__Exercise goal__.
Take the entries that follow and return only the lines from the one with "Saint Clément accueille" through the final line, leaving every picture behind.

[Items listed in a dataset]
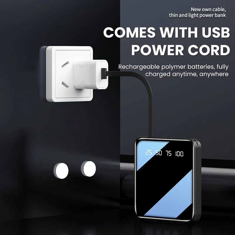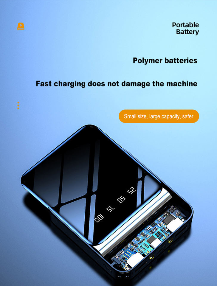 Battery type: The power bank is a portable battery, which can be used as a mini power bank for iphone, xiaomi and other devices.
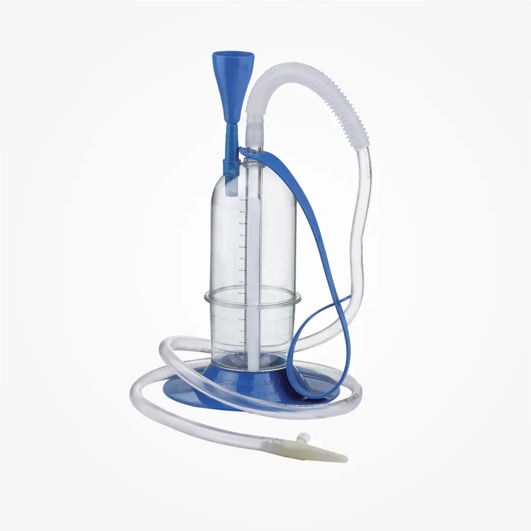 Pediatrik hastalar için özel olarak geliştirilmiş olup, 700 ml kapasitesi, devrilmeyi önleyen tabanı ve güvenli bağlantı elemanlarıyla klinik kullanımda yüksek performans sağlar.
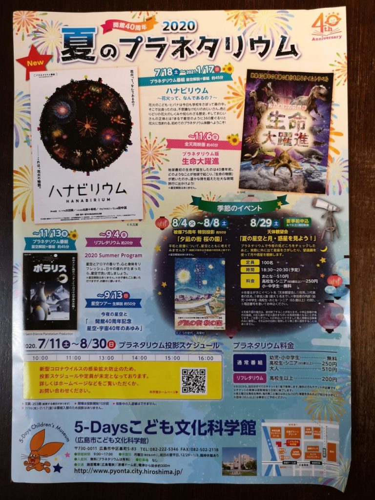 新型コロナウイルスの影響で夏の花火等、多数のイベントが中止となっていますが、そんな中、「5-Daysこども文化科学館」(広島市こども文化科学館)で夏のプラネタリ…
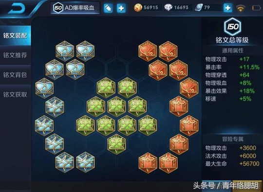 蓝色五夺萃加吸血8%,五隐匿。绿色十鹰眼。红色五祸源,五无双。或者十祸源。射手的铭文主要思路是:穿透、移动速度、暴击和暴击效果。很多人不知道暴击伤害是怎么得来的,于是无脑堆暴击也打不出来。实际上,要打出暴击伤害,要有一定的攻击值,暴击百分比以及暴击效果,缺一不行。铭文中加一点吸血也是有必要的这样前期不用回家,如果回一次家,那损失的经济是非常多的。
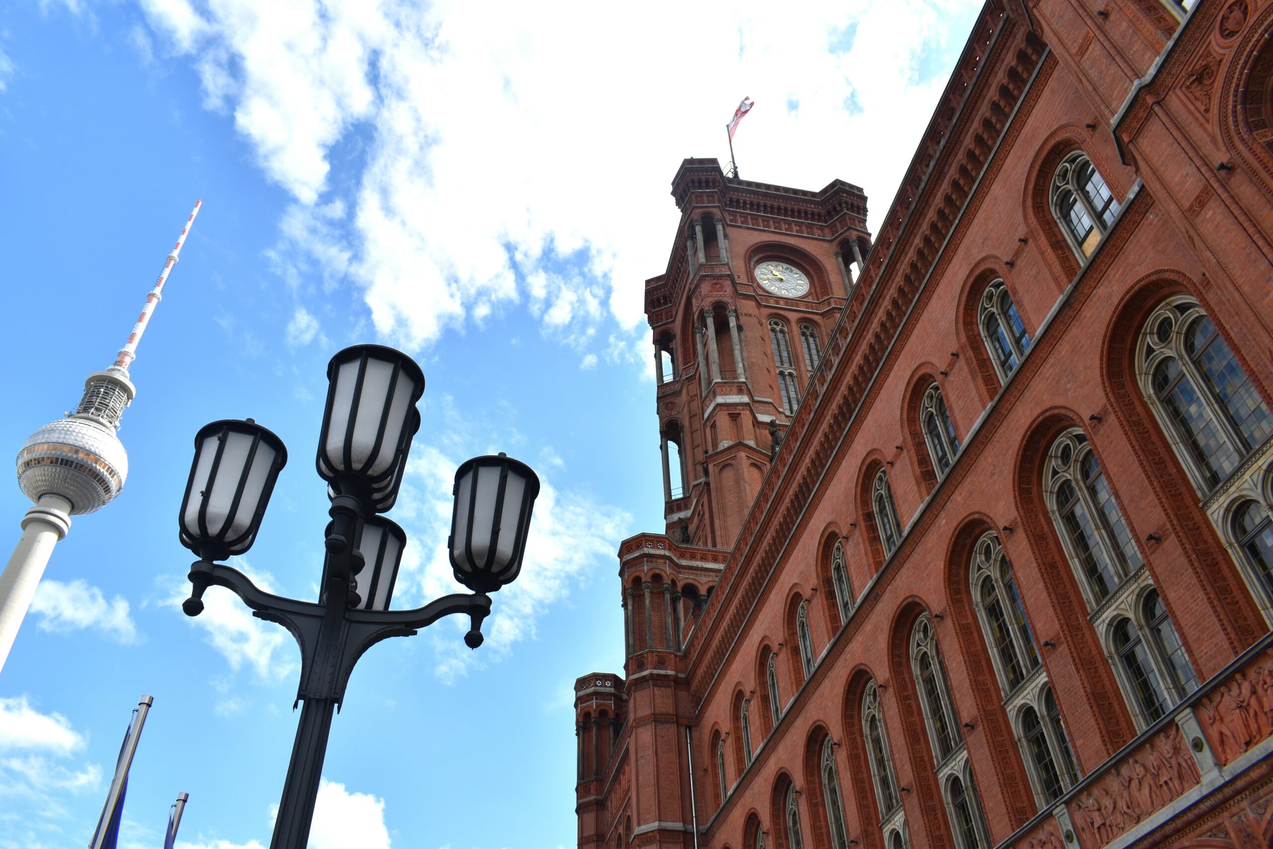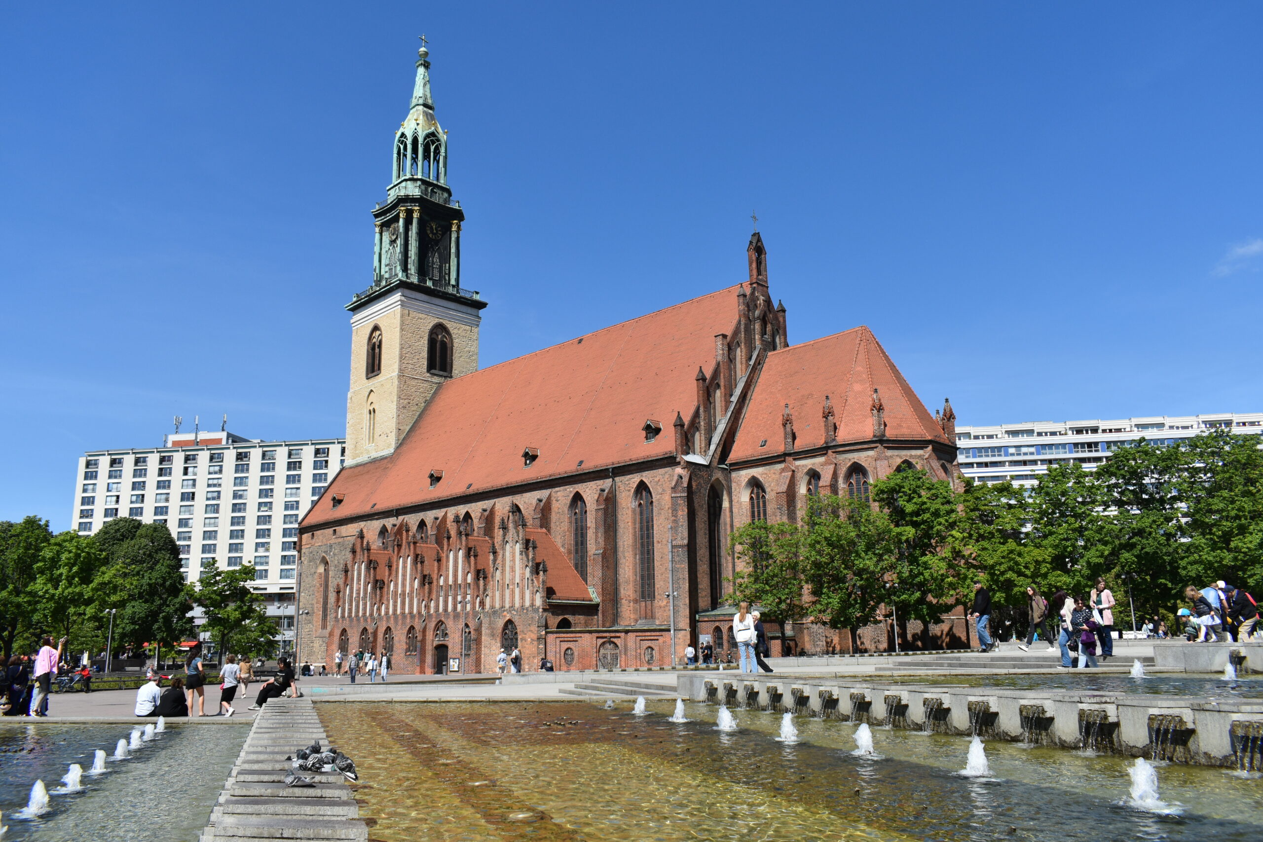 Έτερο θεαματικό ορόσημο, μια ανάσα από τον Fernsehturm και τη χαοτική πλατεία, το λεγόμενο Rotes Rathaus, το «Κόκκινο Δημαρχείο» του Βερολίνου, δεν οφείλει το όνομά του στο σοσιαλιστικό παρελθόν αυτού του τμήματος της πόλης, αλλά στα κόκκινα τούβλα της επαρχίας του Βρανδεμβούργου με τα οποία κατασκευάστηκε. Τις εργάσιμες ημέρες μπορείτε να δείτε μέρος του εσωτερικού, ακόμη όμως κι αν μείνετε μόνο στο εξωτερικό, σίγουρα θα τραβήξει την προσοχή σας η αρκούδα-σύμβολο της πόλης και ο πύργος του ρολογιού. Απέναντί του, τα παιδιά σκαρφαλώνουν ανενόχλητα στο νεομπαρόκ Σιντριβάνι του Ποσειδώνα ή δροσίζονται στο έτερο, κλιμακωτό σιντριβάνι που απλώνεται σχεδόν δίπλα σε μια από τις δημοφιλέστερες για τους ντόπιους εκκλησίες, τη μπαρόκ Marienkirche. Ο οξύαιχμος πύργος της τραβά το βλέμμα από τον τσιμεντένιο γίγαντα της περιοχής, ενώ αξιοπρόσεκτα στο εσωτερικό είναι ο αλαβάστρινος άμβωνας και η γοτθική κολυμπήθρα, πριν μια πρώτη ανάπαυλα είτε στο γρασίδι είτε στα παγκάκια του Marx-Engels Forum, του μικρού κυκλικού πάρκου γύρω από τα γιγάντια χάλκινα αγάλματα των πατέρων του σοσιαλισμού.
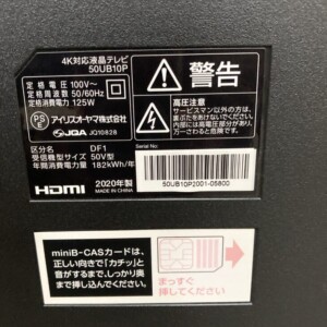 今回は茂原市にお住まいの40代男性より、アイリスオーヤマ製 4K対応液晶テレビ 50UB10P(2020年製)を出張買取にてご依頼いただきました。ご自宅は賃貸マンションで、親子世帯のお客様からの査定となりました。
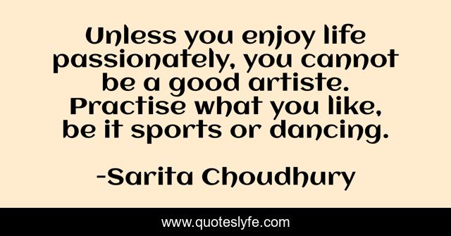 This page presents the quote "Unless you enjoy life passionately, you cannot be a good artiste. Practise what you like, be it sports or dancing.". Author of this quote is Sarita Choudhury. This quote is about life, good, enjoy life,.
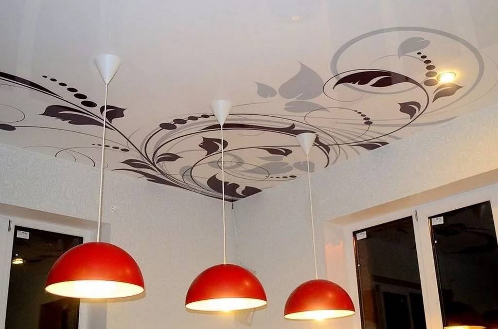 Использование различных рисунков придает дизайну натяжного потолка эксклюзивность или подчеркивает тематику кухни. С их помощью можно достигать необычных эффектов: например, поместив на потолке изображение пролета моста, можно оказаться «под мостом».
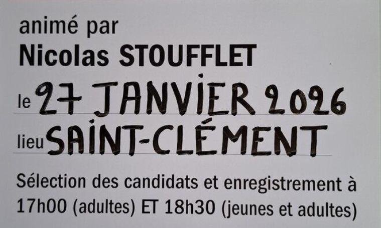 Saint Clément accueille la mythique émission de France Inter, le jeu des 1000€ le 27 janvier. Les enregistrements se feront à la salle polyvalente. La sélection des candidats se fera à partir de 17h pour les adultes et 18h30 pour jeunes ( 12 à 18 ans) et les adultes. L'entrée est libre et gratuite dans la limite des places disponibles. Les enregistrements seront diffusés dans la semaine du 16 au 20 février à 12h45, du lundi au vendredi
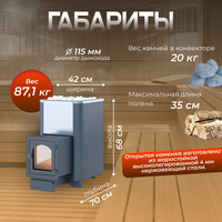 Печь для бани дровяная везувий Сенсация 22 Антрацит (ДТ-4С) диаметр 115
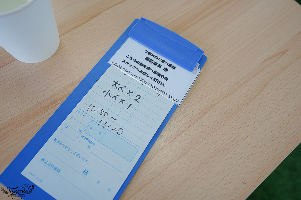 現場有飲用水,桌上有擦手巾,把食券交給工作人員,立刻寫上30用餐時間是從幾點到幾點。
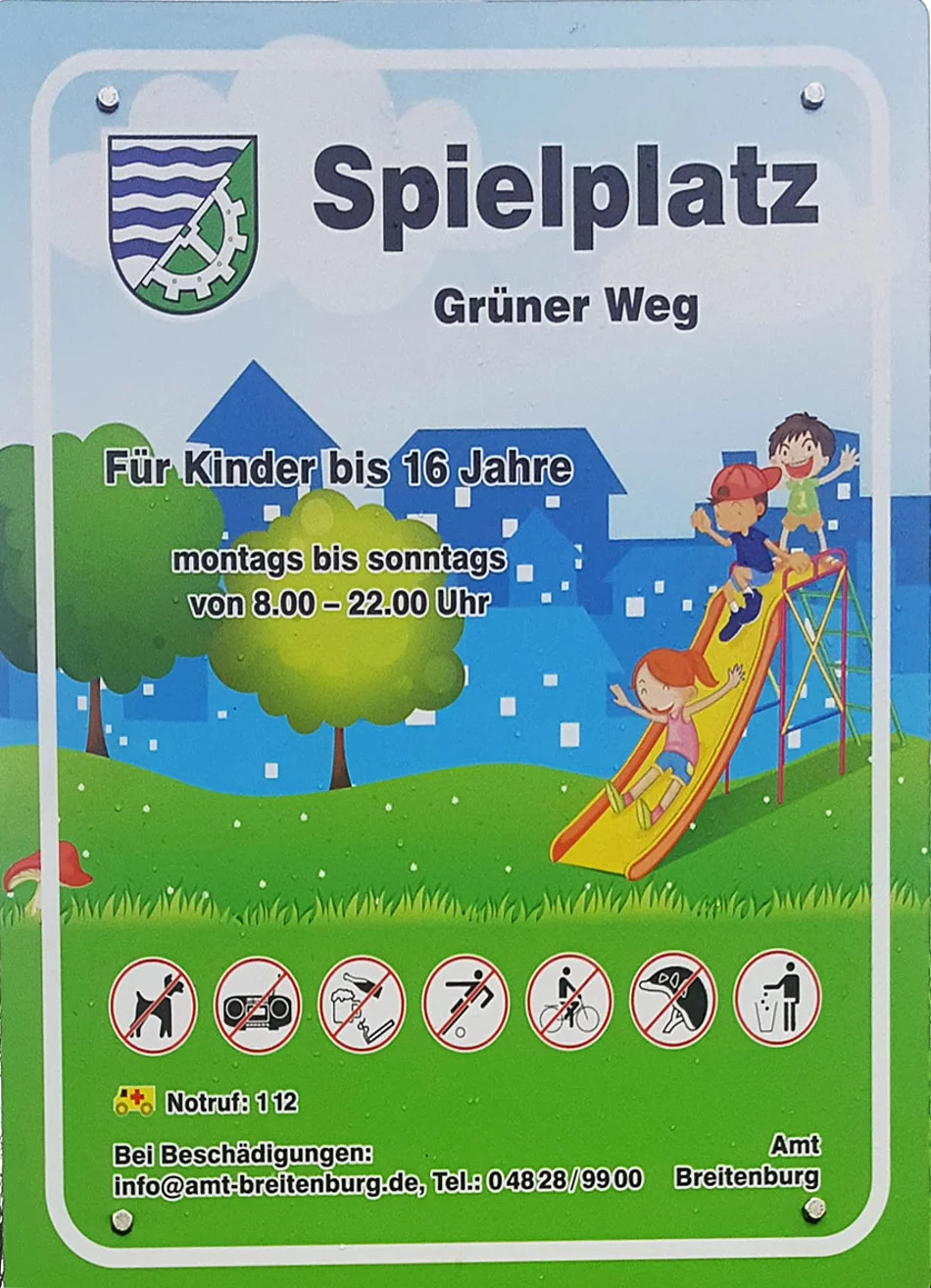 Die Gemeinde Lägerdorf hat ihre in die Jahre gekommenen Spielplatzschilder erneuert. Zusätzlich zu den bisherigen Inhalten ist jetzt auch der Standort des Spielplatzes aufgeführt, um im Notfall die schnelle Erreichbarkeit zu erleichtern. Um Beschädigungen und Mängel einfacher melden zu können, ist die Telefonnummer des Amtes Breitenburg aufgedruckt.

__Solution to the exercise__.
 Saint Clément accueille la mythique émission de France Inter, le jeu des 1000€ le 27 janvier. Les enregistrements se feront à la salle polyvalente. La sélection des candidats se fera à partir de 17h pour les adultes et 18h30 pour jeunes ( 12 à 18 ans) et les adultes. L'entrée est libre et gratuite dans la limite des places disponibles. Les enregistrements seront diffusés dans la semaine du 16 au 20 février à 12h45, du lundi au vendredi
 Печь для бани дровяная везувий Сенсация 22 Антрацит (ДТ-4С) диаметр 115
 現場有飲用水,桌上有擦手巾,把食券交給工作人員,立刻寫上30用餐時間是從幾點到幾點。
 Die Gemeinde Lägerdorf hat ihre in die Jahre gekommenen Spielplatzschilder erneuert. Zusätzlich zu den bisherigen Inhalten ist jetzt auch der Standort des Spielplatzes aufgeführt, um im Notfall die schnelle Erreichbarkeit zu erleichtern. Um Beschädigungen und Mängel einfacher melden zu können, ist die Telefonnummer des Amtes Breitenburg aufgedruckt.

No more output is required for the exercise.